Disney+ arrived on the scene on Monday, offering as many Disney Channel Originals as millennials can stand to binge. Apple+ has a reboot of Ghostwriter, the ‘90s PBS show about a literary spook. And today, Netflix and Nickelodeon announced a new multi-year deal to develop new animated features and TV series based on beloved Nickelodeon characters as well as new ones.
Viacom, which owns Nickelodeon, previously worked with Netflix to produce this year’s Rocko’s Modern Life: Static Cling and Invader Zim: Enter the Florpus. The new deal is a continuation of that relationship, and animated specials based on The Loud House and Teenage Mutant Ninja Turtles are reportedly in the works.
“Nickelodeon has generated scores of characters that kids love, and we look forward to telling wholly original stories that re-imagine and expand on the worlds they inhabit,” Melissa Cobb, Netflix’s vice president of original animation, told Variety.
The Nickelodeon deal with Netflix is more complex than you might think. Parent company Viacom already has its own streaming service, plus it’s in the middle of a merging with CBS, who’s aggressively marketing its own platform, CBS All Access. Why would Viacom opt to give Netflix free reign over its Nickelodeon IP? Probably because Netflix is footing a big chunk of the production costs in its bid to keep rival streamer Disney+ at bay.
In the battle among streaming services for viewer eyeballs, content for children is an important battlefield.
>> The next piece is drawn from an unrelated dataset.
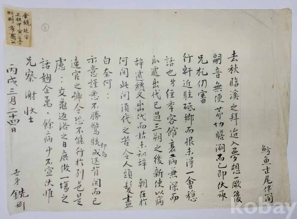 첫 번째 편지는 김선이 1826년 음력 3월 24일에 지인에게 쓴 감사 답장이다. 물목에 ‘방어(魴魚)’가 적혀 있다.

According to Netflix, 60% of its subscribers watch kids shows and movies on the regular. “The broadest services with the greatest [number of] subscribers are going to be the ones that have something for everyone in the family — and kids are one of the biggest drivers of usage in the family,” Steve Youngwood, Sesame Workshop’s president of media & education and chief operating officer, told Variety.
Netflix is doubling down on making children's content with the Nickelodeon deal, making it plain the platform isn’t eager to relinquish its title as the dominant streaming service anytime soon. “They’ve made no bones about the fact that they’re trying to be all things to all viewers and have everybody’s favorite show,” said DreamWorks Animation chief creative officer for television Peter Gal, who’s worked extensively with Netflix. “That means every kid’s favorite show as well.”